Stored entries -
....
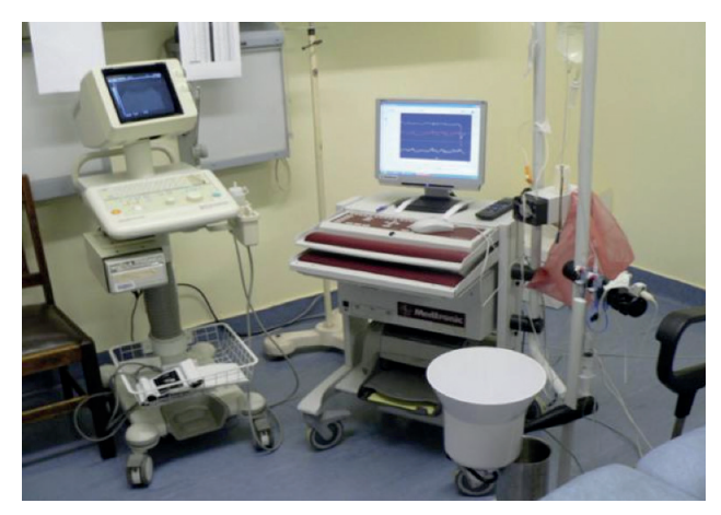
Fig. 2. Dedicated paediatric urodynamic and sonar suite at Red Cross War Memorial Children's Hospital.

overlap, they assist in patient management. Anticholinergic drugs might at best be expected to treat the neurogenic detrusor overactivity associated with types B and D by improving functional capacity and reducing filling pressures. Types A and C usually require clean intermittent catheterisation alone, with marginal benefit expected from anticholinergics.
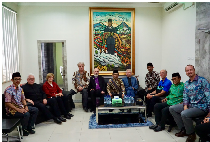
World Evangelical Alliance and Humanitarian Islam leaders sit beneath a painting that depicts Indonesia's founding father, Sukarno, cradling a barefoot independence martyr slain by Dutch colonial forces in late-1940s Java. A crucifix dangles from the young man's neck. Sri Ayati's Legacy hangs in the Jakarta headquarters of Nahdlatul Ulama's young adults organization, GP Ansor, and has become a potent symbol of the Humanitarian Islam movement.

The Muslim participants represent Humanitarian Islam , which is rooted in the Nahdlatul Ulama (NU), with an estimated membership of more than 90 million, primarily in its home country of Indonesia. Since its founding almost a century ago, NU has gained wide recognition for its promotion of a version of Islamic orthodoxy characterized by respect
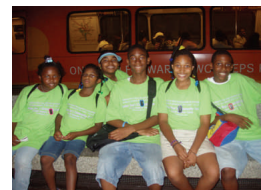
Waiting for Metro rail to ride back to Mother Dear's
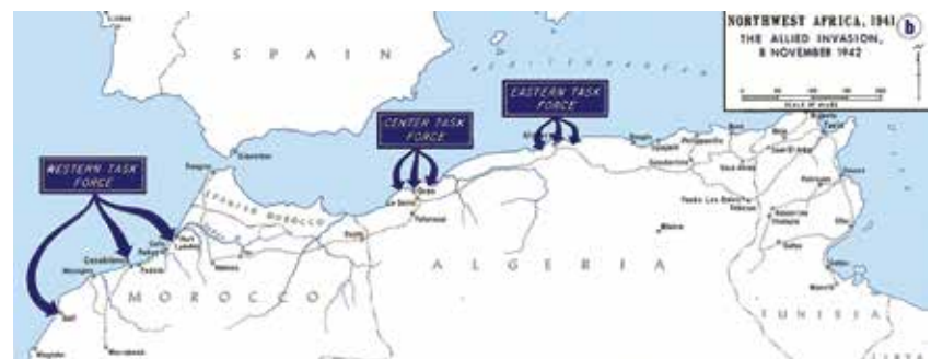
Operation Torch map of landing areas.
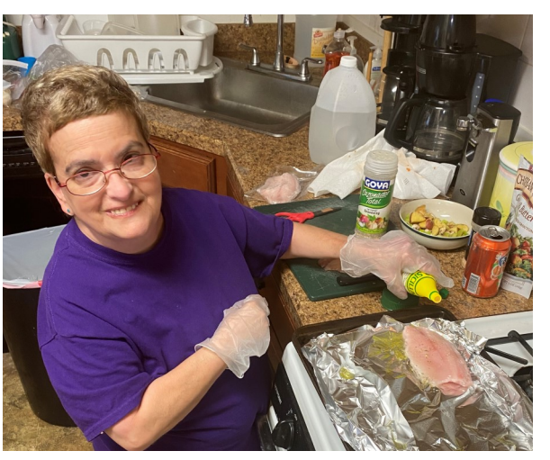
Jenny says to use bottled or fresh lemon juice, "whatever you have on hand."
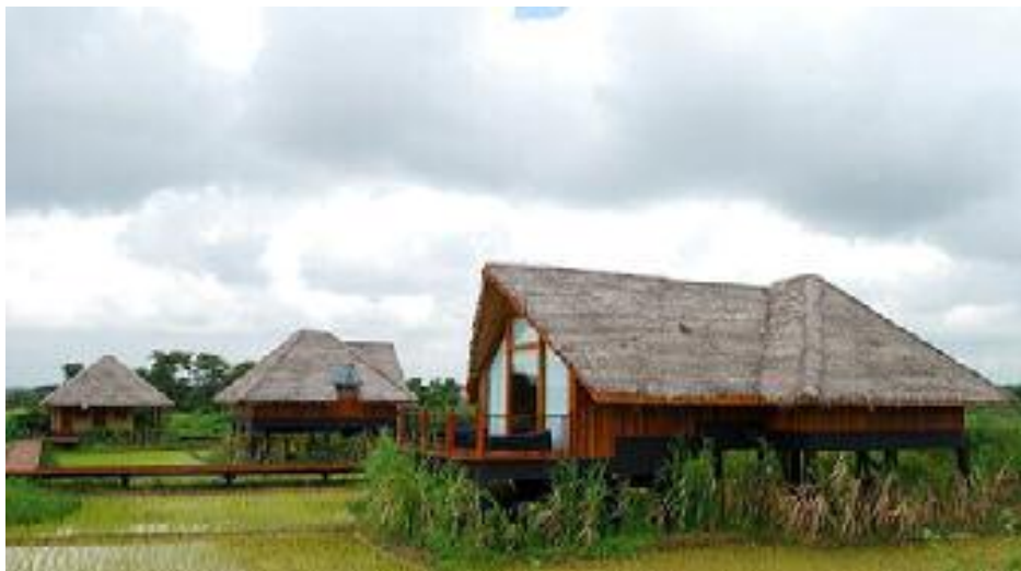
Vil Uyana Paddy Field Villas

The capital of medieval Sri Lanka from 11 th -14 th Century contains ruins of stupas, temples and monasteries, which are still excellently preserved. The Gal Vihare with 3 huge rock-cut images of the Buddha is one of the world's great works of Buddhist sculpture.
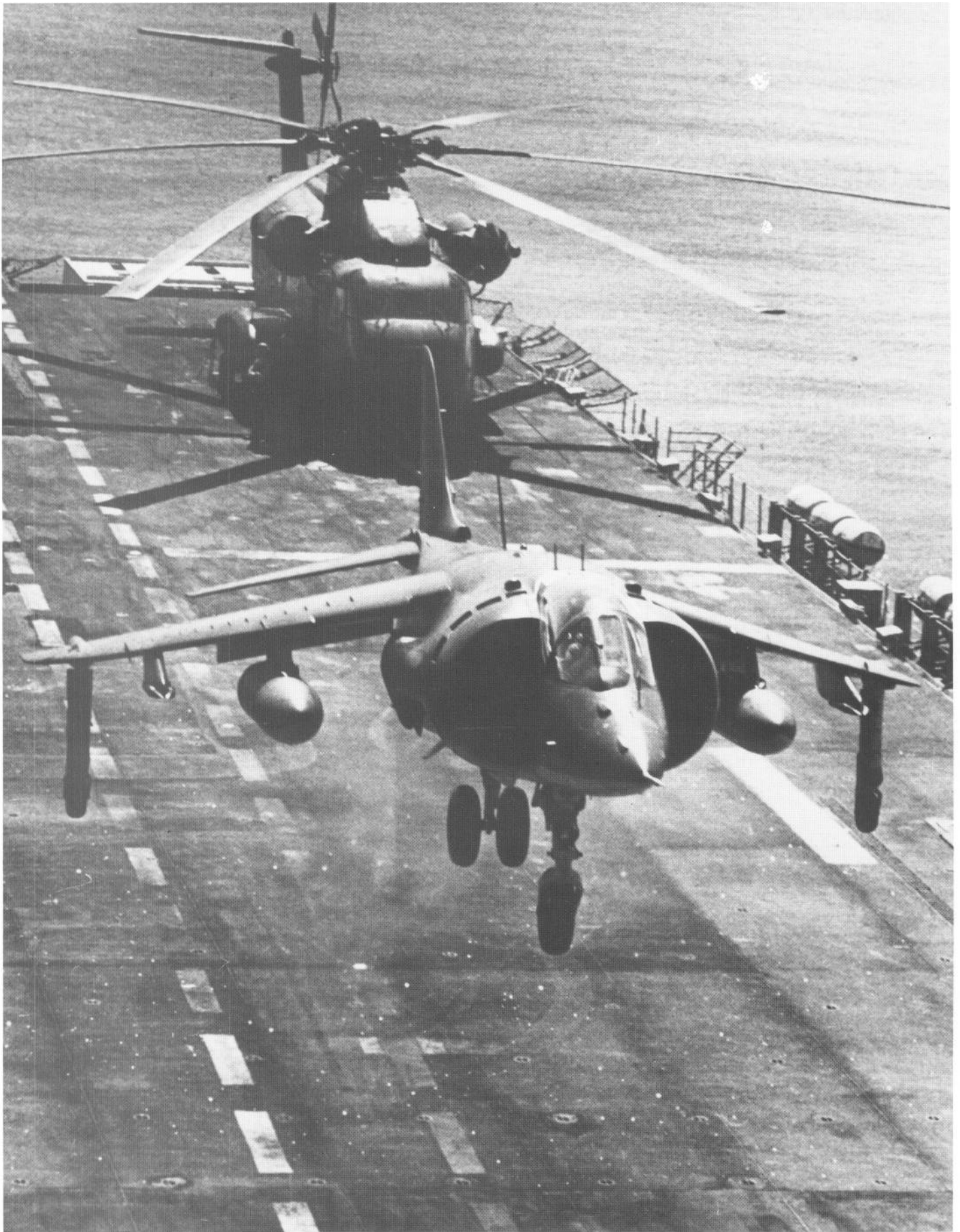
AV-8s brought one of the newest techniques for close air support to the Marine Corps.
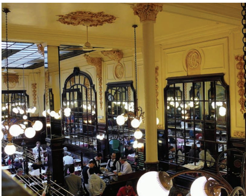
FIGURE 3: Bouillon Chartier in Paris.
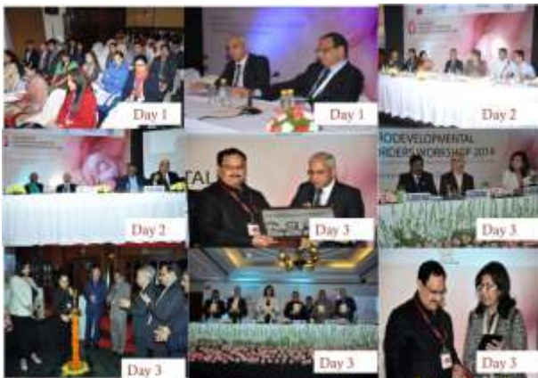
Fig. 1: Neurodevelopmental Disorders workshop was organized in December 2014. The picture shows the different events during the workshop.

Educating the parents and children and the society at large is an important aspect about management of any disease. The Child Neurology Division has played a pivotal role in educating the society about NDDs (Fig. 1),
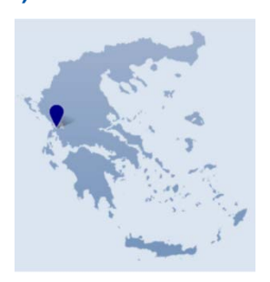
Figure 5 PVK Airport

Aktion International Airport is located on a peninsula between Preveza (4km), Vonitsa (16km) and Lefkada Island (20km). The airport, including both civil and military areas, covers 2,665,159m<sup>2</sup>.
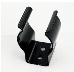
8012C Mounting Clip

Gas traps should be mounted in a vertical position to ensure proper contact of the gas with the adsorbent. Use model 8012C mounting clip with 8200 Series hydrocarbon trap.
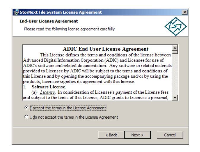
Figure 7 SNFS Setup: End-User License Agreement

5 Click the option to accept the license agreement, and then click Next to continue.
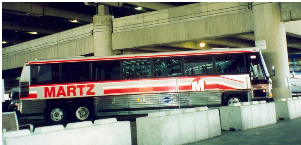
Gray Line / Martz motorcoach parked at the Union Station terminal.

Description: This tour makes limited stops at Christ Church and Mount Vernon Estate and Gardens; all other sites are viewed from the motorcoach.
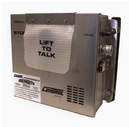
LM-1576 Face Phone
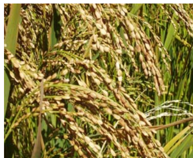
Control plot almost ripe for harvest
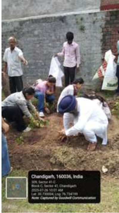
Chandigarh, 160036, India 309, Sector 41-C Block D, Smokey Hill, Chandigarh 2025-07-26 10:01 AM Lat: 30.733004, Long: 76.734199
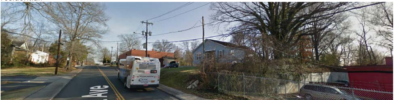
Properties to the north of the subject property include one single family home, a church, and a convenience store.
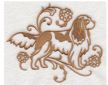
Center Front/Full Back Not for Hats Approx. Size 5 3/4" X 4 3/4" Graceful Cavalier King Charles # L6292
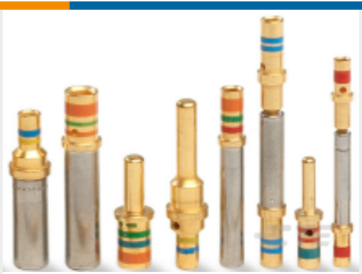
TE Part #4162-201-1631L CONT SOC ASSY
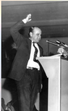
William Marrion Branham

And, remember, I say this as God's prophet, the Russian empire will drop an atomic bomb of some sort on the Vatican City and destroy it in one hour. THUS SAITH THE LORD.
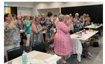
Areas 1 & 4 Conference
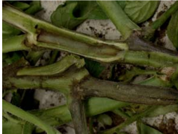
Symptoms of Stem/Pith Necrosis of tomato.
....
Exercise -
Read through the entries and copy every line that includes "Airport".

Output of the task -
Figure 5 PVK Airport
Aktion International Airport is located on a peninsula between Preveza (4km), Vonitsa (16km) and Lefkada Island (20km). The airport, including both civil and military areas, covers 2,665,159m<sup>2</sup>.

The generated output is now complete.